As news of Cowpens swept throughout the country, Morgan was celebrated as “the rising Hero in the South.” He was awarded a saber, a horse and accompanying accoutrements by the Virginia House of Delegates and was voted a gold medal by the Continental Congress for his “complete and important victory.” Both Nathanael Greene and South Carolina Governor John Rutledge sent congratulatory messages to Morgan, Greene proclaiming, “there are few Morgans to be found.” Thanks to Morgan’s victory, British General Lord Charles Cornwallis was forced to destroy his baggage train as he moved hurriedly through North Carolina. After his great victory, Morgan had to take temporary leave due to his sciatica, but he returned shortly thereafter when Cornwallis moved into Virginia. At one point Morgan almost came to blows with Tarleton again, but the British officer refused to be engaged a second time. He missed the British surrender at Yorktown, but Morgan was thrilled at the result nonetheless. Even after the war ended, he continued to prove his love of country by serving as a major general of militia during the 1794 Whiskey Rebellion in western Pennsylvania and as a U.S. Representative from 1797-1799. The “Old Wagoner” and hero of Cowpens died on his sixty-sixth birthday in July 1802 and was buried in Winchester’s Mount Hebron Cemetery where today a monument stands in his honor.

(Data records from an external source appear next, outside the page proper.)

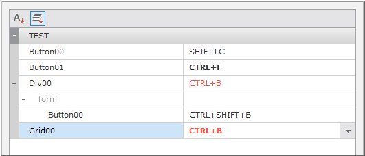 화면에 설정된 컴포넌트의 Hotkey 속성을 지정하는 기능입니다. 메뉴[Design > Hotkey Editor]를 선택하고 해당 기능을 사용할 수 있습니다. 이미 설정된 Hotkey 속성값이 표시되며, 설정된 값이 없다면 공란으로 표시됩니다. Hotkey값을 변경하게 되면 굵은 글꼴로 표시되며, 같은 Hotkey값이 설정된 경우 빨간색으로 표시됩니다.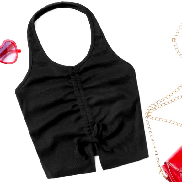Black, Shein Drawstring Ruched Halter Top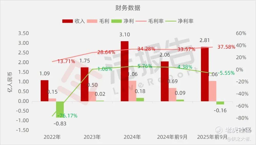 公司是一家协作机器人公司,2024年收入3.1亿元,净利润0.18亿元,毛利率34.28%;2025年前9月收入2.81亿元,净亏损0.16亿元,毛利率37.58%

Daniel Morgan, more than almost any other American commander, was responsible for bringing about the victory at Yorktown. His devastating defeat of Tarleton’s legion deprived General Cornwallis of his “eyes and ears” at a critical time in the Southern campaign. In such a state, the British commander could ill afford to strand his Southern army far from the supplies and support that lay to the north. He was forced into a tactical withdrawal. The situation ultimately led him to Yorktown and to defeat. Though it is the British surrender in October 1781 that we most often remember, the seeds of victory were actually sown at the Cowpens by one of our most pugnacious generals — the “Old Wagoner.”